There are two different types of prenatal tests for Down Syndrome. Screening tests are the first category, and they determine the the statistical risks that a baby has of being born with Down Syndrome. The second category, diagnostic tests, are much more accurate and are almost certain to determine whether or not your baby suffers from Down Syndrome. Screening tests are relatively cheap and easy. They often result in false positives, which can cause a lot of undue worry. Diagnostic tests are invasive, and while they come up with accurate results, they do come with risks. An amniocentesis gives a very accurate diagnosis, but also carries the risks of premature labor or miscarriage.

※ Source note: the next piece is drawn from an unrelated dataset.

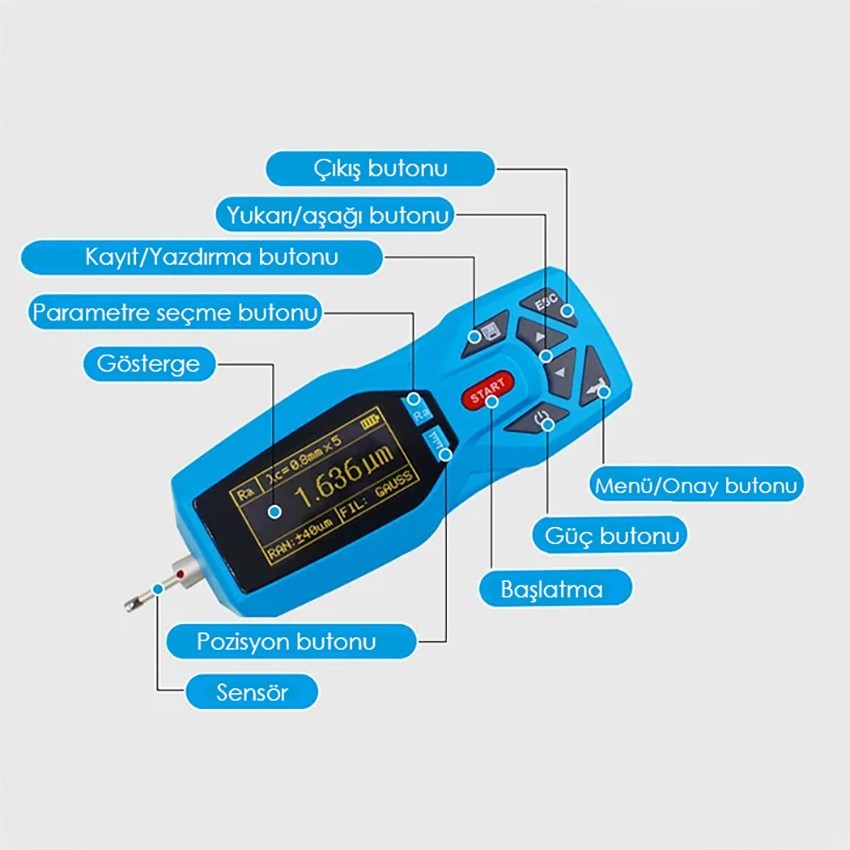 Parça yüzeyinin pürüzlülüğü ölçülürken, sensör parçanın yüzeyine yerleştirilir ve ardından yüzey boyunca sabit bir hızda hareket ettirilir. Sensör, içindeki keskin uçlu kalemiyle yüzeyin pürüzlülüğünü algılar. Bu işlem sonucunda elde edilen analog sinyal, veri toplama sistemine girer ve DSP çipi tarafından dijital filtreleme ve parametre hesaplaması ile işlenir. Ölçüm sonucu dijital ekranda okunabilir ve PC ile iletişim kurabilir.

Some families want to know whether their baby has Down Syndrome so they can prepare emotionally and physically for the challenges that lie ahead. Others would choose to terminate their pregnancies if they knew early enough that their baby suffers from this condition. Yet others welcome their baby no matter what condition they are born with, and have no desire to go through a stressful testing period for what they perceive to be no convincing reason. If you are receiving prenatal care from an OB, avoiding prenatal tests can be a challenge at times. However, at the end of the day, having prenatal tests is an extremely personal decision.